Да, каждый шаг, продиктованный жаждой бесполой ли смерти, или бесполости счастья, вел меня в этот лес.

Лес был негустой, но стоило отыскать тропинку и, отдавшись на волю случая, углубиться в него, как сразу же ощущалось, что не случайно в народе его прозвали дебрями: никто никогда не наведывался сюда, чтобы, пометив деревья мелом, валить их и после обрезки сучьев вывозить на телегах, здесь, видимо, ни хворост не собирали, ни землянику, что росла по краям его населенных улитками полян, ни малину и ежевику, никто не ходил по грибы, и казалось, будто испокон веку, с невообразимо, страшно далеких времен в этом лесу и с этим лесом не происходило ничего, кроме того, что мы можем назвать историей флоры и фауны, что, конечно, не так уж и мало; проклевывались из земли, подрастали, жили и по ходу бесстрастно текущих веков умирали деревья, между тем как внизу, пока хватает проникающего сквозь раскидистые кроны света, пускают ростки, поднимаются, крепнут кустарники, папоротники, хвощи, лианы, лопухи, крапива, всякого рода бурьян, цветы, в зависимости от сезона ослепительно яркие или болезненно-призрачные, а когда густеющие кроны деревьев лишают их света, они постепенно гибнут и уступают место предпочитающим мрак и прохладу мхам, лишайникам и грибам, которые, поедая гниль, продолжат поддерживать жизнь в ноздреватом слое земли; стояла глубокая тишина, тоже древняя, загустевшая от безветрия, и воздух настолько напоен был резкими запахами, что через минуту человека охватывало приятно пьянящее полуобморочное состояние, к тому же здесь было всегда чуть теплее, чем в трезвом наружном мире, то было тепло испарений, от которых кожа становится маслянистой и скользкой, как слизистое тело улитки; и, разумеется, тропы здесь были не настоящие, жизнь на них была вытоптана не человеческими ногами, а сам лес устроил свою жизнь таким образом, чтобы в нем имелись ходы, причудливые, извилистые и непредсказуемые, своего рода разрывы, паузы в непрерывной истории земной поверхности, которым только наш человеческий интеллект, преследующий свои цели, осмеливается давать имена, ибо он привык, не считаясь с другими, быть может гораздо более важными событиями, идти напролом через гущу вещей и в своей примитивной манере использовать безгласность природы.

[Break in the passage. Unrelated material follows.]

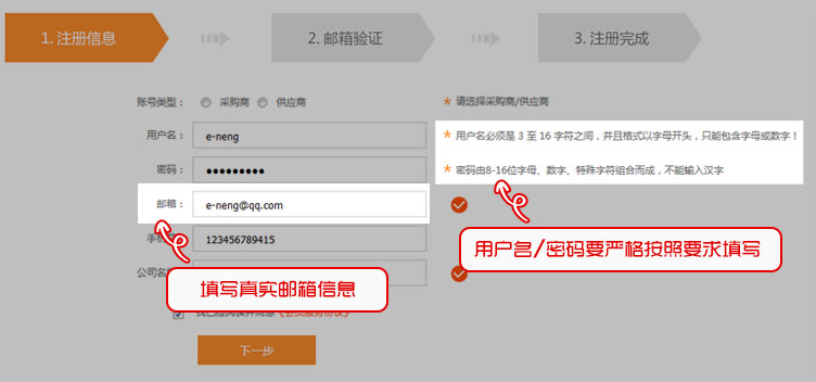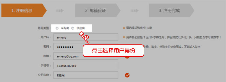 完成此步骤即成功注册了E能网专属账号,用户获得浏览E能网大部分信息的资格,但不能在E能网上发布产品和采购产品;

Размытые дождями овраги, куда скатываются, гремя, галька и мелкие камешки, пологие лощины, где дождевой поток расстилает перед собой раскрошенные комья земли, ковровые дорожки мягкого мха и такие завалы палой листвы, что в их прели задыхаются даже грибы; пройти здесь можно, но вовсе не беспрепятственно, потому что естественный ход неожиданно преграждает то вымахавший на теплом солнечном пятне куст, то кряжистый ствол упавшего дерева, а то и огромный и скользкий черный подкидыш, как метко называют гладкие ледниковые валуны, которые, как гласят предания, великаны северных морей расшвыряли по всей прибрежной равнине, где после того, как утихли их битвы, и выросли эти молчаливые леса.

Темно-зеленый полумрак.

Иногда что-то прошуршит, упадет, обломится, треснет.

Никому неизвестно, как течет и проходит здесь время, но пока ты слышишь, как хрустят у тебя под ногами ветки, и чувствуешь, что каждый хруст нарушает твое безмолвие, ты еще не совсем здесь.

Пока ты стремишься найти себе какое-то место, о котором ты, правда, не знаешь, какое оно, пока не позволишь лежащему перед тобою пути самому вести тебя за собой, ты еще не совсем здесь.

За неплотной завесой кустарников шевельнулся ствол дерева, как будто кто-то, стоявший за ним, сдвинулся с места, точно так же и ты постоянно из-за чего-то выглядываешь и снова скрываешься в чаще.

До тех пор, пока лес будет казаться тебе красивым.

Здесь ты у всех на виду, точнее, у всех на виду и одновременно скрыт.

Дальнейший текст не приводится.